HRECs apoptosis rates was measured and Fig. 2A demonstrated that, comparised with the control group, treating of HRECs with HG for 24 h significantly increased apoptosis, which could be reversed by addition of 100 µM gastrodin (Fig. 2A). Additionally, we examined the expression levels of mitochondrial apoptotic markers by Western blot analysis. Expectedly, the ratio of Bcl-2/Bax was decreased, whereas the expressions of cytochrome C and cleaved caspase 3 were increased with the treatment of HG. When the cells were treated with both HG and 100 µM gastrodin, above changes were at least partly abolished (Fig. 2B-D).
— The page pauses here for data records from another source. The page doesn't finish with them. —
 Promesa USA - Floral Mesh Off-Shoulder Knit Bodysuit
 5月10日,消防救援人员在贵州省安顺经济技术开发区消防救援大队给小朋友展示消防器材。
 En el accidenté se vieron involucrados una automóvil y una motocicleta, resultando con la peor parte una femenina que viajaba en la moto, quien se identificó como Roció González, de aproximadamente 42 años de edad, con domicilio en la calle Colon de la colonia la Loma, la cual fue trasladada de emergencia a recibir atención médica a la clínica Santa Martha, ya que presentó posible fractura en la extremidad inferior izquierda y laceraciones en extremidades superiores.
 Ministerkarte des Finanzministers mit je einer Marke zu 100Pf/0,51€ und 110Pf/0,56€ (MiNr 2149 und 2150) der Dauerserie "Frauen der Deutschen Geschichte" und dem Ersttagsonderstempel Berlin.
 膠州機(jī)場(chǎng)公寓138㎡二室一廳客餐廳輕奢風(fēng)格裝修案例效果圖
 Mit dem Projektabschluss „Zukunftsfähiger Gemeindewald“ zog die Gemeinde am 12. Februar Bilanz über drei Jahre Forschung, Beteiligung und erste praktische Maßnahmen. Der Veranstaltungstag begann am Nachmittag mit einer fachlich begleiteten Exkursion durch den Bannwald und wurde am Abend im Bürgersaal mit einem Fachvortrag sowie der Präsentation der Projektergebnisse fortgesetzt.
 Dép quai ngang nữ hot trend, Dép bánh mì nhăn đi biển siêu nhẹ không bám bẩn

Sincere the key role of oxidative stress in HG-triggered cell apoptosis, we tested the levels of ROS production in HRECs. Intriguing, HG treatment caused increase in ROS generation compared to the control and 100 µM gastrodin alleviated ROS generation significantly (Fig. 3A). Subsequently, we tested the expression levels of oxidative stress related genes including hemeoxygenase-1 (HO-1), NAD(P)H dehydrogenase quinone 1 (NQO1), NF-E2-related factor 2 (NRF2), and γ-glutamate-cysteine ligase modifier (GCLM) via RT-qPCR. HG dramatically increased the mRNA levels of above four genes compared to the control group. However, co-treatment with HG and gastrodin resulted in a decrease in the expression of oxidative stress related genes (Fig. 3B-E).

Activation of NF-κB was shown to promote expression of various pro-apoptotic regulators in HRECs (15) and TLR-mediated NF-κB activation were commonly shown in HRECs under HG conditions (16). We thereby investigated whether TLR4/NF-κBp65 signaling pathway was involved in protective of gastrodin on HRECs. As shown in Fig. 4A, HG inhibited the increase in TLR4 protein expression level and phosphorylation of NF-κB in a concentration dependent manner. Whereas, 100 µM gastrodin inhibited the activation of TLR4/NF-κBP65 induced by HG (Fig. 4B). In addition, emerging evidence suggested that SIRT1 appears to target numerous cellular factors to regulate oxidative stress and apoptosis resulting in improving diabetic retinopathy. Fig. 4C revealed that the expression level of SIRT1 protein was decreased in a HG concentration-dependent manner. However, when the HRECs were co-treated with gastrodin with HG, SIRT1 protein expression was significantly increased as compared with that treated with HG along (Fig. 4D). Moreover, overexpression of SIRT1 was then conducted to further validate the pathway involved. As a result, SIRT1 was increased by pcDNA3.1-SIRT1 but no significant change with HG or pcDNA3.1-vector treatment were observed (Fig. 4E). Compared with vector group with no treatment, TLR4/NF-κBP65 pathway was inhibited after SIRT1 overexpressed. Besides, overexpression of SIRT1 at least partly reversed TLR4/NF-κBP65 activation induced by HG in HRECs in the vector group (Fig. 4F).